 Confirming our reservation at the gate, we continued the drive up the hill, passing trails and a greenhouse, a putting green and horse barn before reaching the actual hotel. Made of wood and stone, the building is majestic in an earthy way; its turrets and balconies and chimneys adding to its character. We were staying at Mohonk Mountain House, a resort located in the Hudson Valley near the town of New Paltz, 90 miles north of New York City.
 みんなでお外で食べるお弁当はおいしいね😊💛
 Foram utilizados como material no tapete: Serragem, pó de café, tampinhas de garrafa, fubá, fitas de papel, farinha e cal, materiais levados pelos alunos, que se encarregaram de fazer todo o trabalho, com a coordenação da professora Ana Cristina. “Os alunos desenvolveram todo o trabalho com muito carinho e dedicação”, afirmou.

...

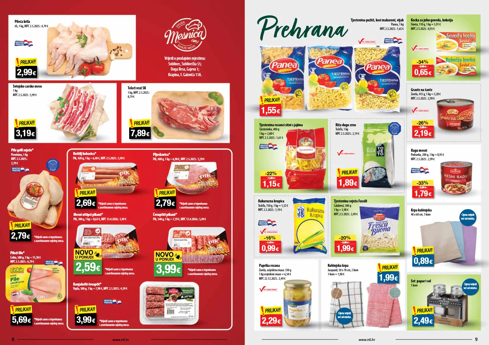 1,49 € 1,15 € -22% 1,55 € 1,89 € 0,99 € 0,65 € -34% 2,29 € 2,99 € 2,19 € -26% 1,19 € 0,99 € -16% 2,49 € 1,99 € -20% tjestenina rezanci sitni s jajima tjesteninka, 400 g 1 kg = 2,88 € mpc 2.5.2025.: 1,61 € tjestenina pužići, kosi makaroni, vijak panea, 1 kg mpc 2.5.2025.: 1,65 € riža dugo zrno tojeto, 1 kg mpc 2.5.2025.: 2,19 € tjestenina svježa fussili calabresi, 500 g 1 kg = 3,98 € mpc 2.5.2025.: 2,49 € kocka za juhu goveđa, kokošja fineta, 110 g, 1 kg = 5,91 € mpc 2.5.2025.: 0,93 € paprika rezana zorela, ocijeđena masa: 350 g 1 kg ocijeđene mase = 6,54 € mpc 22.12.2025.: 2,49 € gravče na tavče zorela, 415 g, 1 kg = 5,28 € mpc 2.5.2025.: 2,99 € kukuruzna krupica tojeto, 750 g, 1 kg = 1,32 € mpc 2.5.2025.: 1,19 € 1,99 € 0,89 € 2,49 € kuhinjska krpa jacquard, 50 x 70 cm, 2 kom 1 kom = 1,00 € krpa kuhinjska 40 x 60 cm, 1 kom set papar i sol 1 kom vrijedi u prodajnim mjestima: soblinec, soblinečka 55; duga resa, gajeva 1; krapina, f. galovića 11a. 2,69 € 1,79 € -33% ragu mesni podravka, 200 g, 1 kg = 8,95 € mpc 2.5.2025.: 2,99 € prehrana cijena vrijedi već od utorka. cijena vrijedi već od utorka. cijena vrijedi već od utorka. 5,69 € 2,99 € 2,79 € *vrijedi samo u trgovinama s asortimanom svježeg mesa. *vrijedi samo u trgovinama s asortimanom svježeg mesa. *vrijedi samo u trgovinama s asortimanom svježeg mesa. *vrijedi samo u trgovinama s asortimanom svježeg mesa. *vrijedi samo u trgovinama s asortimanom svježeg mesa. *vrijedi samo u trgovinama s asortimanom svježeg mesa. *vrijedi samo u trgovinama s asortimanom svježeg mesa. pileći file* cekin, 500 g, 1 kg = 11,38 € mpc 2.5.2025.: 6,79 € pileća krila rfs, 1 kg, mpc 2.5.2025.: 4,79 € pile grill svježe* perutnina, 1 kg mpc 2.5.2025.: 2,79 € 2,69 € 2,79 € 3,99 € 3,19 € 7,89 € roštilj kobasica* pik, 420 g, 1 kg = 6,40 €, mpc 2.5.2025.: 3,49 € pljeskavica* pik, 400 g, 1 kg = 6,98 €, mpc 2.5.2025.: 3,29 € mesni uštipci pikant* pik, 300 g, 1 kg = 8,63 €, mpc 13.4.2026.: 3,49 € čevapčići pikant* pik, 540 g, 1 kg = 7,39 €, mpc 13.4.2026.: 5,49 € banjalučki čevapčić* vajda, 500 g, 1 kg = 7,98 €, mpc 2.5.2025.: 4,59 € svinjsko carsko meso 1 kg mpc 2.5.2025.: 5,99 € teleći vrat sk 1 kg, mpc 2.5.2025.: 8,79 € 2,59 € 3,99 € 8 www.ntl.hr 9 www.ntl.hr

* _Task goal_
Above are the records. Copy the lines beginning at the one that has "Confirming our reservation" and ending with the one that has "Foram utilizados como", unchanged.

* _Output of the exercise_
 Confirming our reservation at the gate, we continued the drive up the hill, passing trails and a greenhouse, a putting green and horse barn before reaching the actual hotel. Made of wood and stone, the building is majestic in an earthy way; its turrets and balconies and chimneys adding to its character. We were staying at Mohonk Mountain House, a resort located in the Hudson Valley near the town of New Paltz, 90 miles north of New York City.
 みんなでお外で食べるお弁当はおいしいね😊💛
 Foram utilizados como material no tapete: Serragem, pó de café, tampinhas de garrafa, fubá, fitas de papel, farinha e cal, materiais levados pelos alunos, que se encarregaram de fazer todo o trabalho, com a coordenação da professora Ana Cristina. “Os alunos desenvolveram todo o trabalho com muito carinho e dedicação”, afirmou.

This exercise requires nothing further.